Wireshark-users: Re: [Wireshark-users] Tons of ARP packets...?

From: IchBin <weconsultants@xxxxxxxxx>
Date: Sat, 14 Jul 2007 12:13:40 -0400
Small, James wrote:
IchBin,

Still need to find the bugger who is causing that problem. Or more
interestingly where is this xxz0n3dxx.dyndns.org coming from on my
machine. I did a global text search for xxz0n3dxx.dyndns.org and only
found in 5 files but these related to the emails I have sent to this
newsgroup. Maybe I should look for just xxz0n3dxx or dyndns by
themselves.
When I see these Standard Queries, in real time, I see the Process-ids
associated but no associated program initiating that process.

If this is a Windows machine, One thing you can try is installing
ZoneAlarm of Kerio's personal firewall.  This allows you to selectively
block network access on a per process basis.  While it could be time
consuming, you can start with a default deny where when anything wants
network access you must approve it.  The obvious programs like your
browser and E-mail client you can grant access.  For other programs that
request access you can google their process/binary name to learn more
about them.  There is a wealth of information on-line.

Once you find a process you don't like, try using something like the
Sysinternal's Process Explorer to learn more about the process.  Then
hopefully you can uninstall/delete/disable it.
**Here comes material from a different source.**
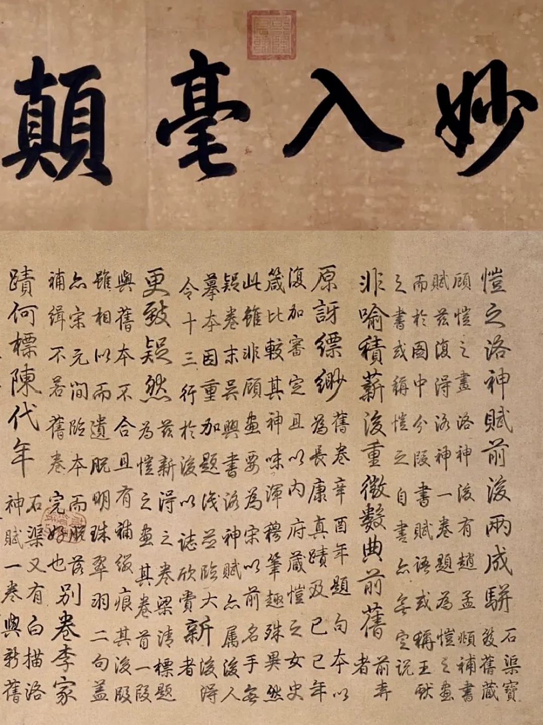 🌊其中,故宫版本因画风保留六朝遗韵而被更多世人研究。当我们展开近6米长卷,先映入眼帘的是乾隆及内府大臣题识。

If you didn't already, you may want to try installing Windows Defender
or other anti-spyware programs to check the PC.  If it's just one
program you might be able to kill it.  If it's a nasty one though you
might have to re-image/re-format the machine.  Some nasties are almost
impossible to eradicate.

Good Luck,
  --Jim

_______________________________________________
Wireshark-users mailing list
Wireshark-users@xxxxxxxxxxxxx
http://www.wireshark.org/mailman/listinfo/wireshark-users

Jim, as for spyware, viruses and etc programs I have already mentioned what I am using in one of the beginning message I wrote to this thread.